/---

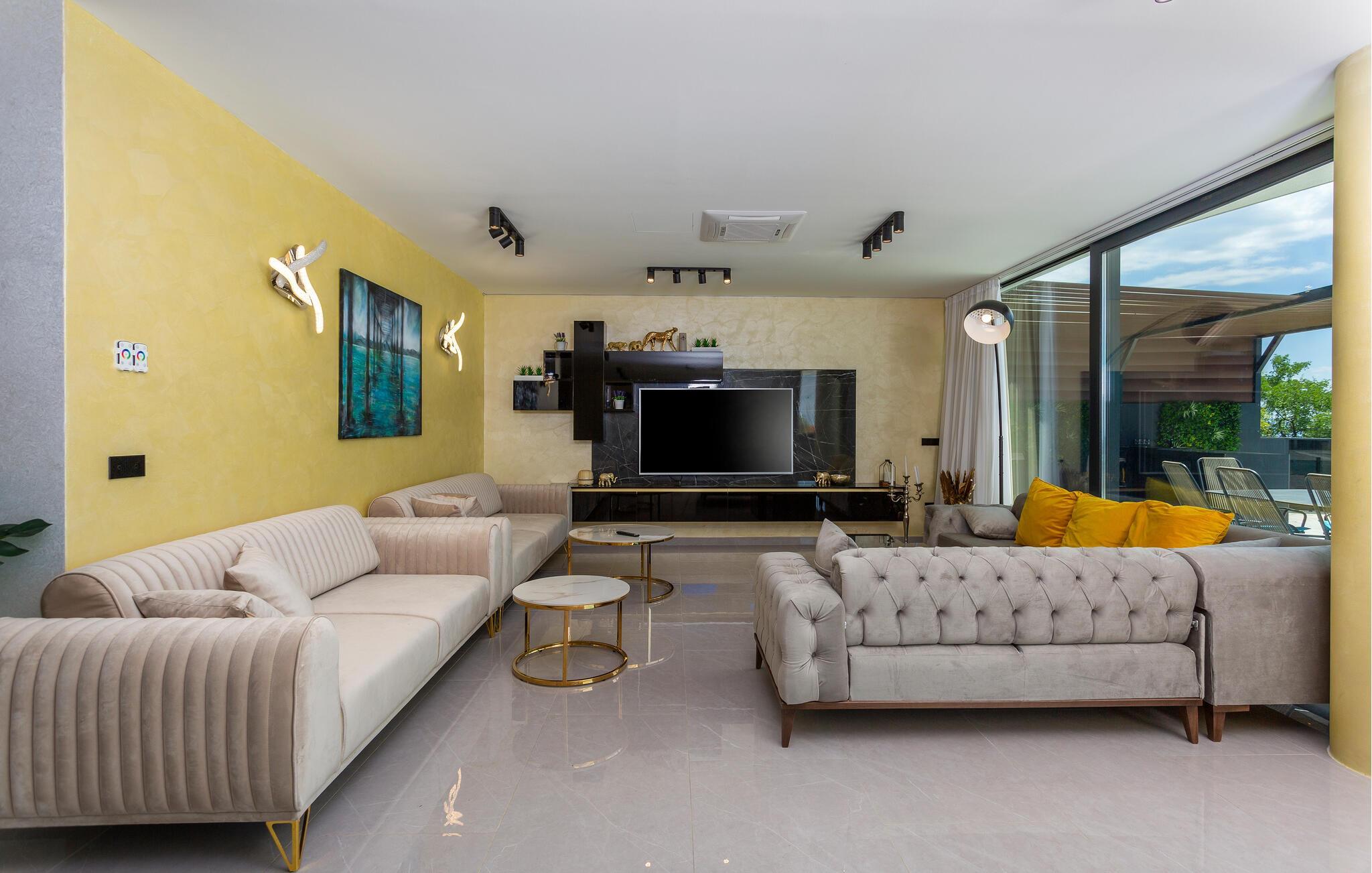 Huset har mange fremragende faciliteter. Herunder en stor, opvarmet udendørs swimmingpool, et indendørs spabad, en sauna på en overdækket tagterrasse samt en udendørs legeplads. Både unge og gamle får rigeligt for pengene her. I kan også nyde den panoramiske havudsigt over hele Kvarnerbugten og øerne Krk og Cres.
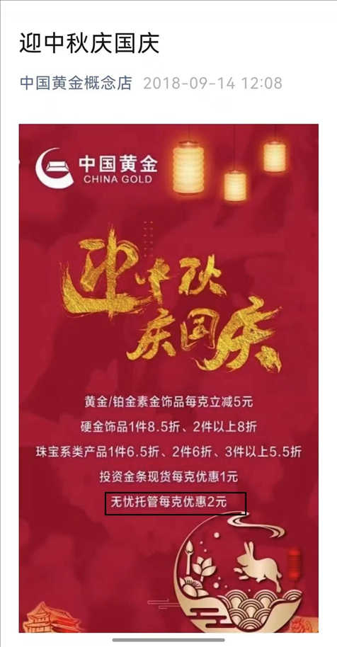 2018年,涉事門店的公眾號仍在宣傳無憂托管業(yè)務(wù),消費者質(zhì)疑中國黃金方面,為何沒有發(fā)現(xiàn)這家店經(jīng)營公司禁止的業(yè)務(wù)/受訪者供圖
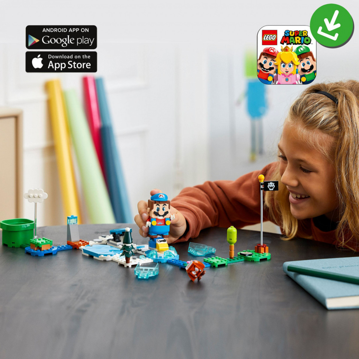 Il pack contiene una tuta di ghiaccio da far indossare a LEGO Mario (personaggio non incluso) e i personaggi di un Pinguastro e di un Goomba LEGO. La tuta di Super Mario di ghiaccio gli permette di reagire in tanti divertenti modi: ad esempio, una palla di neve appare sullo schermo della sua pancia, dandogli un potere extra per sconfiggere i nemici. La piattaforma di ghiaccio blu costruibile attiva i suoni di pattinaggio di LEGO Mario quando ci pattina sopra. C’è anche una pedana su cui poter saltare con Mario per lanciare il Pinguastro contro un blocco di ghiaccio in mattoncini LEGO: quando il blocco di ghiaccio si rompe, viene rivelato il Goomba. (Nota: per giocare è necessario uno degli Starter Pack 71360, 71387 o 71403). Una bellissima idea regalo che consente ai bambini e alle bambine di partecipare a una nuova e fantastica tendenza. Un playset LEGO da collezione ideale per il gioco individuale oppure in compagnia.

\---

WORK ITEM:
An exact repetition of the listing is needed, with the pictures dropped.

EXPECTED ANSWER:
 Huset har mange fremragende faciliteter. Herunder en stor, opvarmet udendørs swimmingpool, et indendørs spabad, en sauna på en overdækket tagterrasse samt en udendørs legeplads. Både unge og gamle får rigeligt for pengene her. I kan også nyde den panoramiske havudsigt over hele Kvarnerbugten og øerne Krk og Cres.
 2018年,涉事門店的公眾號仍在宣傳無憂托管業(yè)務(wù),消費者質(zhì)疑中國黃金方面,為何沒有發(fā)現(xiàn)這家店經(jīng)營公司禁止的業(yè)務(wù)/受訪者供圖
 Il pack contiene una tuta di ghiaccio da far indossare a LEGO Mario (personaggio non incluso) e i personaggi di un Pinguastro e di un Goomba LEGO. La tuta di Super Mario di ghiaccio gli permette di reagire in tanti divertenti modi: ad esempio, una palla di neve appare sullo schermo della sua pancia, dandogli un potere extra per sconfiggere i nemici. La piattaforma di ghiaccio blu costruibile attiva i suoni di pattinaggio di LEGO Mario quando ci pattina sopra. C’è anche una pedana su cui poter saltare con Mario per lanciare il Pinguastro contro un blocco di ghiaccio in mattoncini LEGO: quando il blocco di ghiaccio si rompe, viene rivelato il Goomba. (Nota: per giocare è necessario uno degli Starter Pack 71360, 71387 o 71403). Una bellissima idea regalo che consente ai bambini e alle bambine di partecipare a una nuova e fantastica tendenza. Un playset LEGO da collezione ideale per il gioco individuale oppure in compagnia.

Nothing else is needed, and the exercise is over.